Quinn and Robinson first connected online in 2020 through their mutual interest in community organizing. Robinson was an organizer for Evanston Fight for Black Lives when Quinn reached out to the organization’s Instagram account. 

Quinn learned about Robinson through her initial outreach to The Love Fridge, a Chicago-based mutual aid network that also served as a resource for the co-founders.

Shortly after, the organizers began coordinating the first Evanston community fridge, located outside the Childcare Network of Evanston. Anna Grant-Bolton, who was born and raised in Evanston, is the current outreach lead organizer for the fridges, alongside Noa Polish. Grant-Bolton said she worked alongside the co-founders to open the first community fridge. 

A current college student, Grant-Bolton has been working remotely to build ongoing outreach initiatives for the fridges. 

One of those initiatives is the grocery reimbursement program, which refunds community members for their contributions to the fridges. Grant-Bolton said there remains a clear need for the fridges in Evanston. 

“We almost never have food that goes into the fridge that goes to waste. We tend to have more demand than we have supply,” Grant-Bolton said.

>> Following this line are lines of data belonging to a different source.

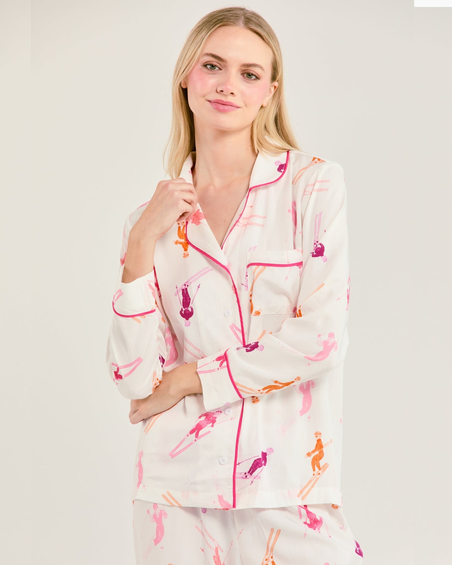 A print that pays homage to ski days when not only are the conditions perfect, everything is.
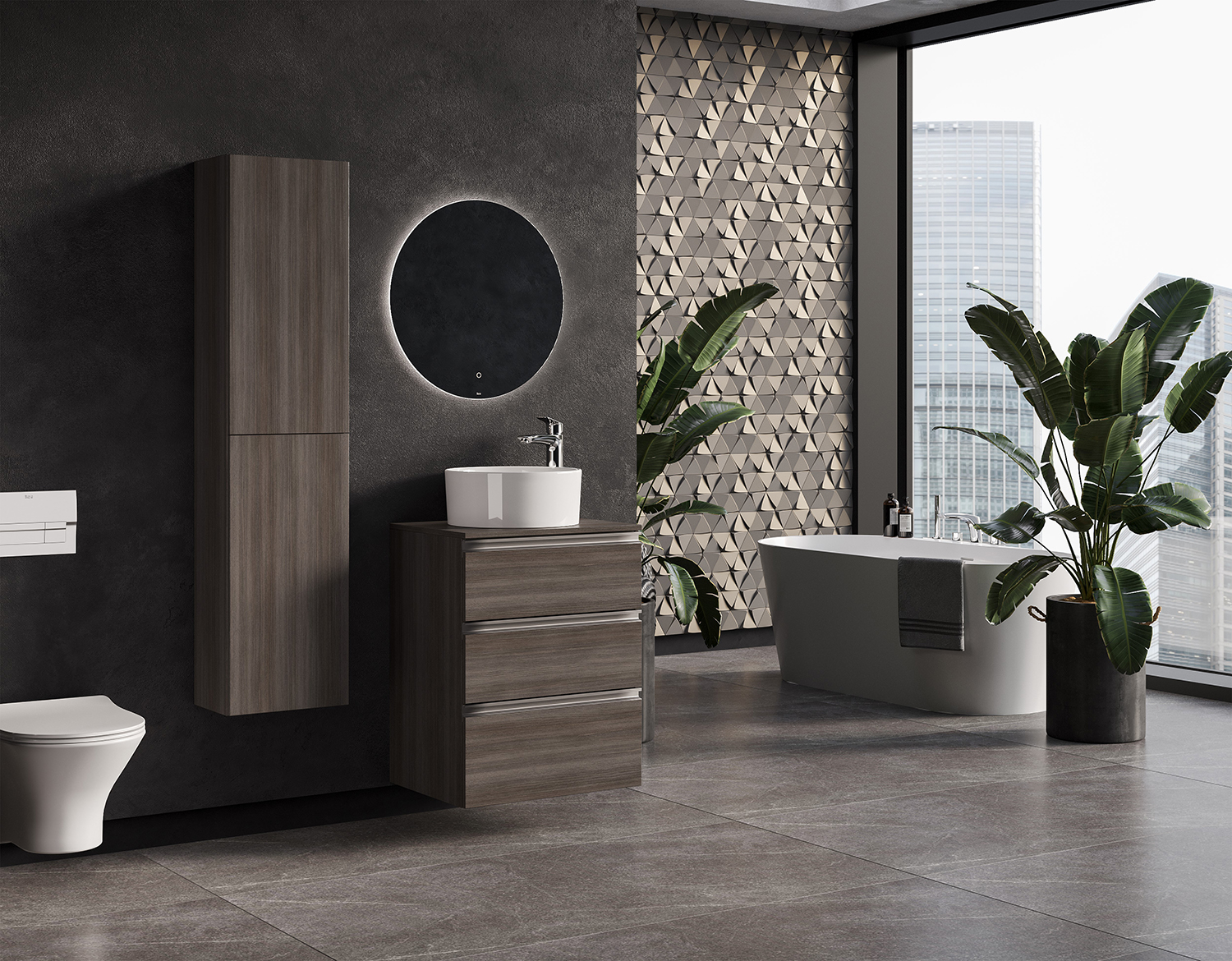 Шкаф-колонна THE GAP в древесном декоре обладает универсальным современным дизайном и функциональностью. Корпус и фасад-створка выполнены из влагостойкой ЛДСП в темном древесном текстурированном декоре. Открывание створок в одно касание, за фасадами-створками скрываются регулируемые полочки из влагостойкой ЛДСП.
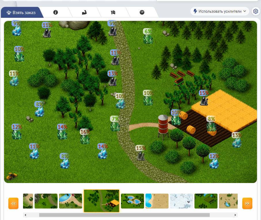 To take an order for mining ore with a bulldozer, open the page "Garage". Then switch to the "Bulldozers" tab and click the "Mine" button next to any of your bulldozers.
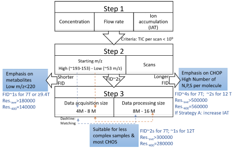 图1. 基于超高分辨质谱FT-ICR MS分析有机质的信号调试策略指南概要图
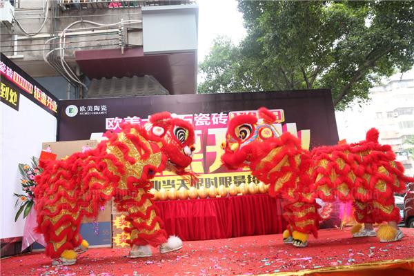 鑼鼓一響,黃金萬兩,獅子點(diǎn)睛,富貴繁榮。歐雅企業(yè)工程事業(yè)中心總經(jīng)理嬈良文、佛山三水歐美陶瓷旗艦店董事長潘秋萍在所有嘉賓的共同見證下共同為瑞獅點(diǎn)睛,隨后吉獅獻(xiàn)瑞采高青增添祥瑞好彩頭,引來觀眾陣陣喝彩,齊賀開業(yè)大吉,精彩的醒獅表演將當(dāng)天活動的氣氛推向高潮。
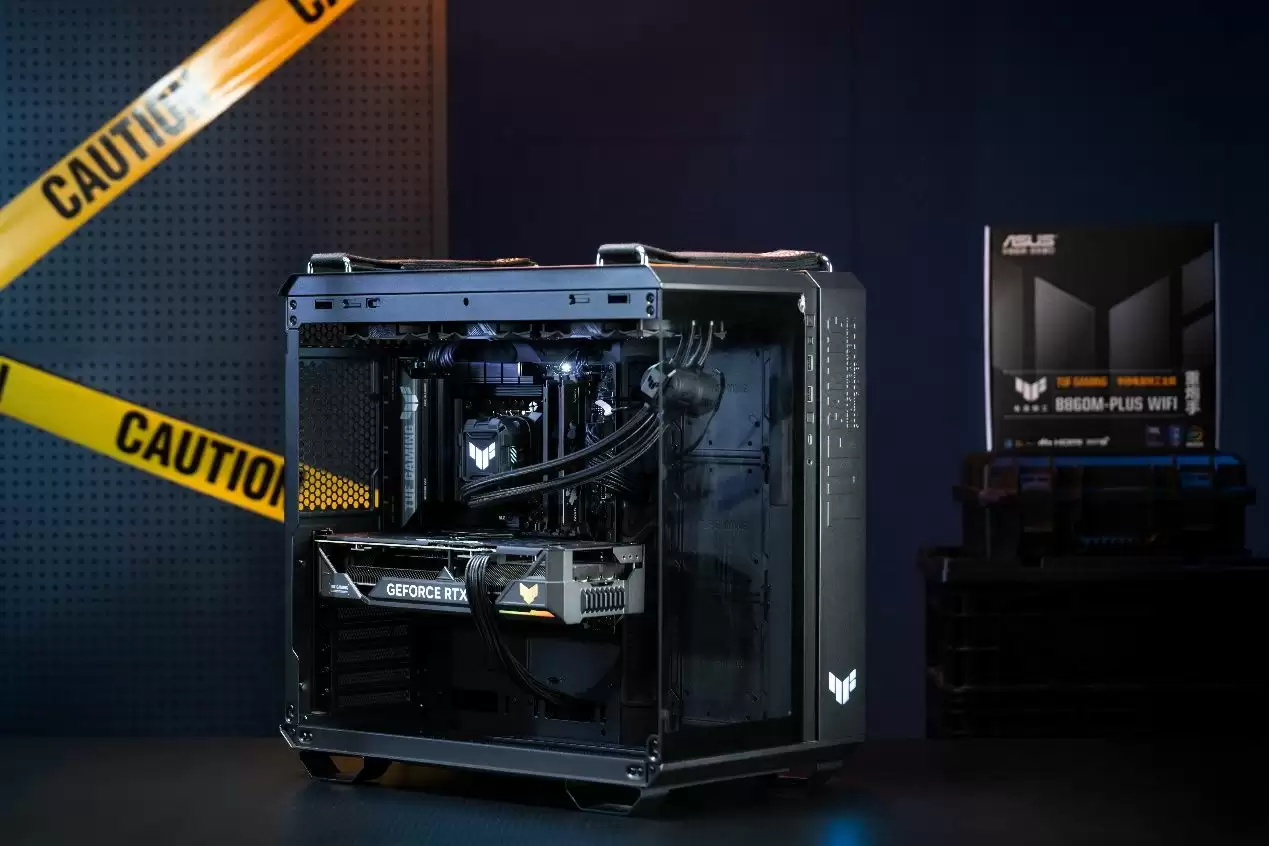 接下来给大家推荐一套冷酷军工风电竞小钢炮。以华硕B860重炮手WIFI主板为核心,搭配Intel酷睿Ultra 7 265F处理器、华硕TUF RTX5070Ti O16G GAMING显卡等高性能硬件,高帧畅玩无压力!

Grant-Bolton said the fridges have provided not just food, but community as well. After the fridges launched, Evanston residents created the “Support of Community Fridges in Evanston, IL” Facebook group to help community members looking to donate to the fridges and update them on current donations. 

“If you look on the… Facebook group, you’ll see that sometimes people will post, ‘Hey, I’m feeling sick, would somebody be able to drop off food for me?’” Grant-Bolton said. “Trying to create these roads of connections and solidarity is a big hope going forward.”

As Quinn and Robinson have left Evanston, community organizers like Grant-Bolton are working to raise awareness about the need for the fridges’ resources.

Robinson said she is optimistic about the future of Evanston’s mutual aid organizations, including the community fridges. 

“More fridges will come,” Robinson said. “It will be more than okay. It will keep flourishing. That really gives me a lot of hope.”

In fact, the Evanston Community Fridges team is now looking to expand by opening a fifth site, with the group currently working to find an organization that will host the fridge.

While the process is still in its early stages, organizers are also mindful of the long-term goals for the fridges. 

“It’s just really exciting to see different community members take responsibility for caring for their neighbors. To me, that’s the long-term goal,” Grant-Bolton said.